Eventually, the experiments will involve non-uniform stimuli. We will need to evaluate the monitor's ability to display spatial frequencies. We will evaluate the independence of striped stimuli as a function of spatial frequency. We expect to find a frequency at which the PSD of a stripe will be affected by the neighboring stripes. This will provide a limit to the frequency of stiumuli that can be used in experiments.

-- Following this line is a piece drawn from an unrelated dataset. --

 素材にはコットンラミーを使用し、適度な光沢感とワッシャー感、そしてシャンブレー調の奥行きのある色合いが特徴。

At this time we can neither measure power at ultraviolet wavelengths with the PR650 nor control the output of the CRT monitor at those wavelengths. Since Drosophila are sensitive to ultraviolet wavelengths, it would be of interest to evaluate methods of measuring and controling ultraviolet stimuli so the Drosophila visual system can be further characterized.

Appendices

Appendix I: Additional Files

Matlab Code: Calibration.m

PowerPoint Presentation: ColorCalibTalk.pps

Appendix II: References

Feiler R, Harris WA, Kirshfeld K, Wehrhahn C, Zuker CS. Targeted misexpression of a Drosophila opsin gene leads to altered visual function. Nature. 333, 737-741 (1988).

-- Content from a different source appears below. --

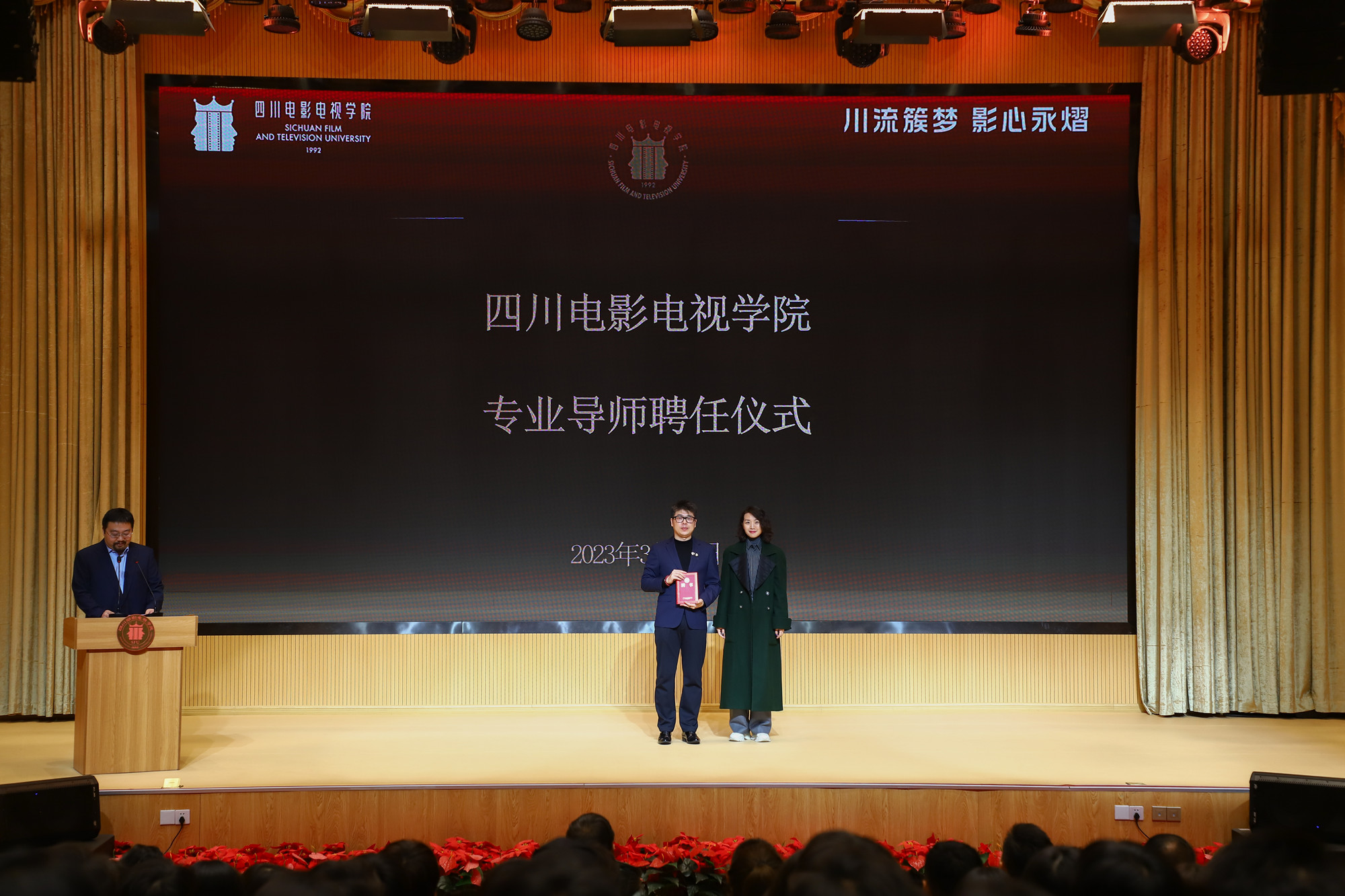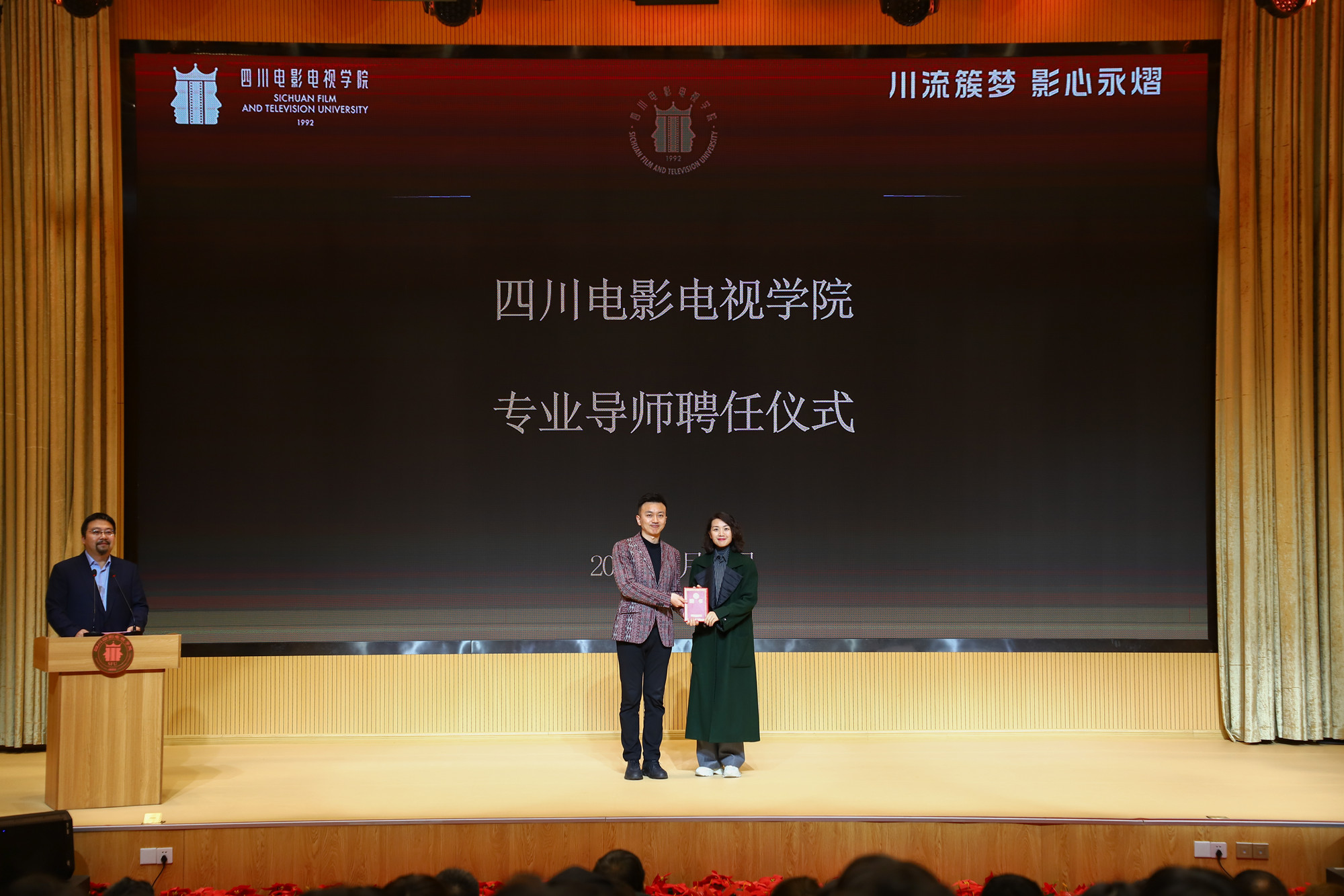3月20日,beat365平台官方网站客座教授聘任仪式及讲座交流活动在安仁校区音乐厅举行。我校聘请杜帅、贾明锐、宋德全、张伟、田媛为学校客座教授,聘请刚毅、王远、陆进、冯琛、于洋为学校专业导师,并颁发证书,进一步助力我校人才培养发展。现场,新聘任的客座教授开展了讲座交流活动,与在场师生热情互动,气氛活跃。

Heisenberg M and Buchner E. The Role of Retinula Cell Types in Visual Behavior of Drosophila melanogaster. Journal of Comparative Physiology. 117, 163-182 (1977).

Menne D and Spatz HC. Colour vision Drosophila melanogaster. Journal of Comparative Physiology. 114, 301-312 (1976).

O’Tousa, JE, Baehr W, Martin RL, Hirsh J, Pak WL, Applebury ML. The Drosophila ninaE gene encodes an opsin. Cell. 40, 839-850 (1985).

Salcedo E, Huber A, Henrich S, Chadwell L, Chou WH, Paulsen R, Britt SG. Blue and green absorbing visual pigments of Drosophila: ectopic expression and physiological characterization of the R8 photoreceptor cell-specific Rh5 and Rh6 rhodopsins. Journal of Neuroscience. 19, 10716-10726 (1999).

Schumperli RA. Evidence for colour vision in Drosophila melanogaster through spontaneous phototactic choice behavior. Journal of Comparative Physiology. 86, 77-94 (1973).

Tang S and Guo A. Choice behavior of Drosophila facing contradictory visual cues. 294, 1543-1547. 2001.

Wandell BA. Foundations of Vision. Sinauer Associates Inc. 1995.

Wernet MF, Labhart T, Baumann F, Mazzoni EO, Pichaud F, Desplan C. Homothorax switches function of Drosophila photoreceptors from color to polarized light sensors. Cell. 115, 267-79. 2003.

Zuker C, Montell C, Jones K, Laverty T, Rubin G. A rhodopsin gene expressed in photoreceptor cell R7 of the Drosophila eye: homologies with other signal-transducing molecules. Journal of Neuroscience. 7, 1550-1557 (1987).

Appendix III: Genetics

Many years of studying and manipulating the Drosophila genome have resulted in a plethora of genetic tools that are very handy in a variety of fields. In my project I will make use of an enhancer trap method that will be used to screen for flies with a specific defect in color vision. The basic idea behind an enhancer trap screen is to drive the expression of a gene that encodes a temperature sensitive neuronal silencer (or GFP for neuron imaging) in subsets of neurons. These genetically manipulated flies can then be assessed for color-specific behavioral defects. This neuronal silencer gene is driven in random subsets of neurons by coupling it’s expression to enhancer elements within the genome (Fig 8).

Figure 8: Enhancer-trap explanation

Appendix IV: Work description

Mariel Velez and Kristin Granlund spent an equal amount of time and effort for all aspects of the data acquisition and presentation of this project.